Starting at an early age, English teachers encourage students to think of writing as an unbearable chore, a hellish task, and something that only the rarefied few will ever excel at. It doesn't have to be this way.
I loved writing as a kid, and love it still, but it was in spite of my writing teachers, not because of them. They did their damnedest to make writing a miserable experience. Frequently a first draft writing assignment would come back to me marked up with red ink, with harsh comments in the columns. This is not the way to teach a creative process.

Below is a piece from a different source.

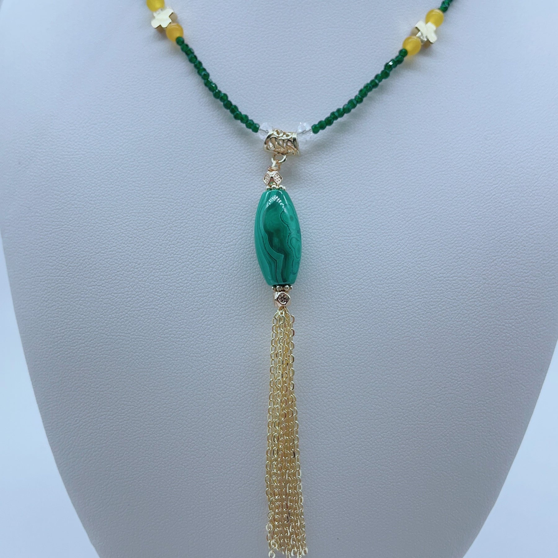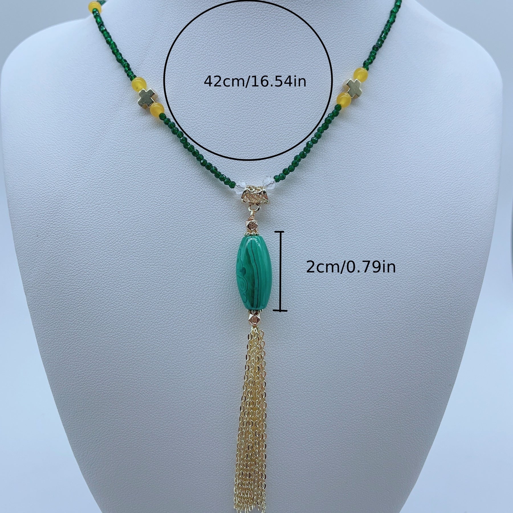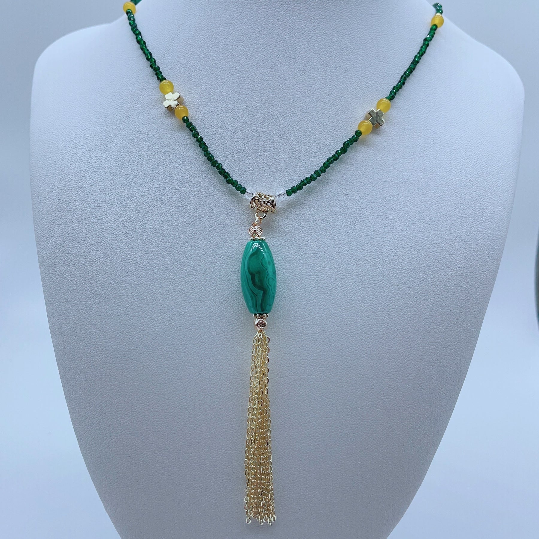 Elevate your look with this natural malachite necklace featuring a trendy tassel design. Perfect for any occasion, this necklace adds a touch of elegance to your outfit.

Often the way writing is graded by teachers puts too much focus on the mechanics. I know why teachers do this. It is a fact that poor mechanics in writing will make other people think you are stupid. A single typo on a resume could mean you don't get invited for an interview. People love finding ways to elevate themselves above others, and the English language is an absolute minefield of opportunities for error - homophones, silent letters, foreign spellings, irregular plural markers. And often in modern society your first impression on another person is through your writing. An error in mechanics can have an outsize impact.
But writing is not mechanics. Writing is not spelling and grammar and handwriting. Those are the tools we use to produce writing, just as paintbrushes, paint and brush strokes are the tools a painter uses to create art. But the writing itself is so much more than the sum of its parts.

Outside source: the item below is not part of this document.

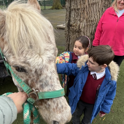 We had two visiting ponies in school today. It helped us with our learning in Science, but so many cross curricular links. A wonderful experience for all to be up close to such large, but very gentle animals
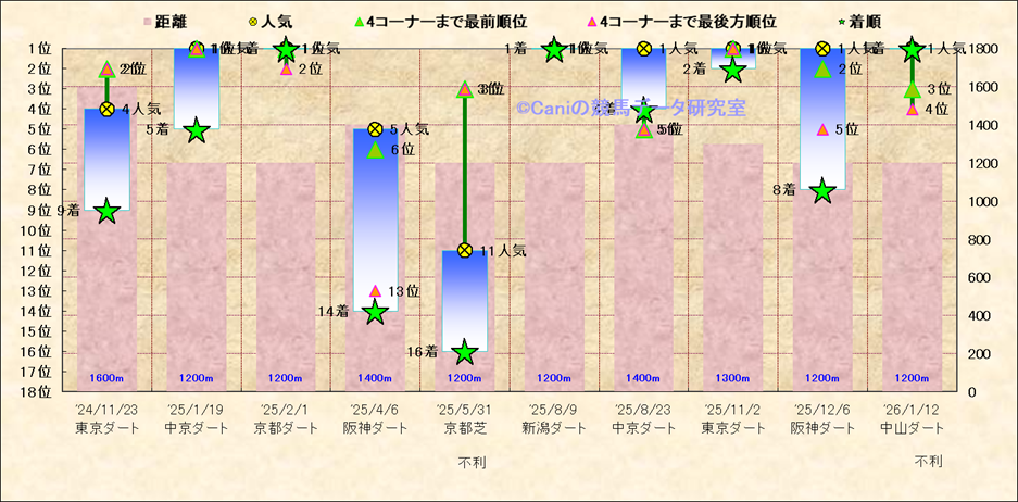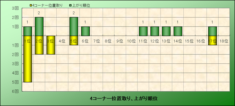 脚質解析 近20レースの4コーナーでの位置取りと上がり順位(頭数補正後) |

Writing can be many things. Analysis. Explanation. Persuasion. Expression. Good writing has a voice that is unique to the writer, and ideas combined in new ways. The raw material of writing is drawn from experience, and the practice of writing improves the result. This is a creative endeavor, and it should be taught as such.
If art teachers taught painting the way English teachers teach writing, no one would enjoy art. And in fact, some art teachers do teach art badly, and the result is a lot of people giving up on something they enjoy, because they think they can't "hack it" as artists. Shame on those teachers.
Imagine if you were trying to learn to paint, and every time the art teacher came around to look at your work they said things like "your lines aren't straight enough" or "these proportions are all wrong". How long would you last under that treatment?
And yet so many people think this is the way to teach writing. The vast majority of my writing teachers felt it was appropriate to laser in on every error, prejudge my work before talking to me, and to deconstruct what I wrote rather than to engage with it holistically. Very few of them ever asked questions like "what were you trying to do with this section?" - and of the few who did, I LOVED those teachers.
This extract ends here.